What to produce: What's needed is the listing below, repeated word for word with no pictures.

Dataset section:
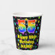 This fun and cheerful birthday paper cup design features a large number “55” having a rainbow spectrum gradient inspired pattern. It also features the message “Happy 55th Birthday,”, and a personalised name. The background features a colourful pattern inspired by a field of stars. Colourful, vibrant paper cups like this might be fun to use at a birthday celebration/party being held in celebration of somebody’s 55th birthday. [~Z0000540]
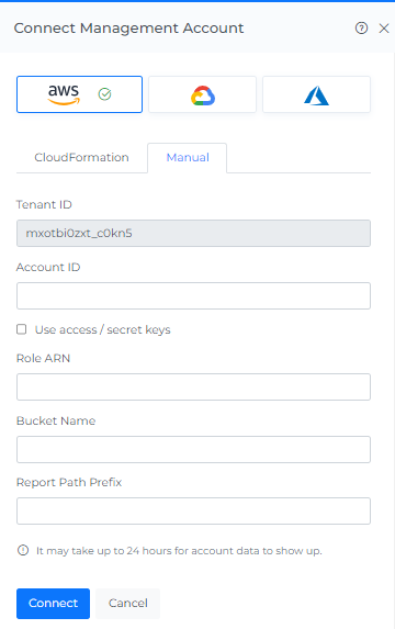After adding a new account, it may take up to 30 minutes for the system to discover and process the data.
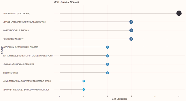 Así mismo, se efectuó un análisis de las fuentes más destacadas en el ámbito de la investigación. Donde se puede evidenciar que, cuatro (4) de las revistas con mayor número de publicaciones científicas en materia del tema de investigación son: Sustainability (Switzerland) (5), Applied Mathematics and Nonlinear Sciences (3), Investigaciones Turísticas (3), y Tourism Management (3) (ver Gráfico II).
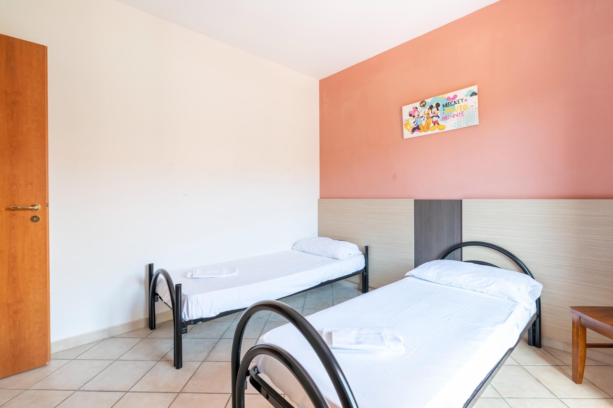Denne indbydende villa med 2 soveværelser i Laura-distriktet ligger blot 300 meter fra Paestum-stranden og tilbyder en afslappende ferieindstilling for op til 5 gæster. Beliggende over to etager, stueplan har en rummelig stue med en dobbelt sovesofa, tv, spisebord, strygebræt, strygejern og aircondition, sammen med et stort, fuldt udstyret køkken komplet med en gaspejs, komfur, ovn og køleskab med fryser. Ovenpå finder du to komfortable soveværelser, et med dobbeltseng og et med enkeltseng og køjeseng, begge med adgang til balkonen. Det moderne badeværelse har bruser, toilet, håndvask og bidet. Gæsterne kan slappe af i den private have, der er møbleret med liggestole, parasol og udendørs siddepladser. En fælles swimmingpool og boblebad (for op til 6 personer) samt en fælles vaskemaskine er til rådighed. Varme og aircondition sikrer komfort året rundt. Der er også privat parkering. Bekvemt beliggende nær lokale butikker, attraktioner og kun en kort køretur til Salerno Lufthavn, er denne villa perfekt til familier eller venner, der søger en strandferie med nem adgang til kultur og natur.

Exercise answer:
 This fun and cheerful birthday paper cup design features a large number “55” having a rainbow spectrum gradient inspired pattern. It also features the message “Happy 55th Birthday,”, and a personalised name. The background features a colourful pattern inspired by a field of stars. Colourful, vibrant paper cups like this might be fun to use at a birthday celebration/party being held in celebration of somebody’s 55th birthday. [~Z0000540]
After adding a new account, it may take up to 30 minutes for the system to discover and process the data.
 Así mismo, se efectuó un análisis de las fuentes más destacadas en el ámbito de la investigación. Donde se puede evidenciar que, cuatro (4) de las revistas con mayor número de publicaciones científicas en materia del tema de investigación son: Sustainability (Switzerland) (5), Applied Mathematics and Nonlinear Sciences (3), Investigaciones Turísticas (3), y Tourism Management (3) (ver Gráfico II).
Denne indbydende villa med 2 soveværelser i Laura-distriktet ligger blot 300 meter fra Paestum-stranden og tilbyder en afslappende ferieindstilling for op til 5 gæster. Beliggende over to etager, stueplan har en rummelig stue med en dobbelt sovesofa, tv, spisebord, strygebræt, strygejern og aircondition, sammen med et stort, fuldt udstyret køkken komplet med en gaspejs, komfur, ovn og køleskab med fryser. Ovenpå finder du to komfortable soveværelser, et med dobbeltseng og et med enkeltseng og køjeseng, begge med adgang til balkonen. Det moderne badeværelse har bruser, toilet, håndvask og bidet. Gæsterne kan slappe af i den private have, der er møbleret med liggestole, parasol og udendørs siddepladser. En fælles swimmingpool og boblebad (for op til 6 personer) samt en fælles vaskemaskine er til rådighed. Varme og aircondition sikrer komfort året rundt. Der er også privat parkering. Bekvemt beliggende nær lokale butikker, attraktioner og kun en kort køretur til Salerno Lufthavn, er denne villa perfekt til familier eller venner, der søger en strandferie med nem adgang til kultur og natur.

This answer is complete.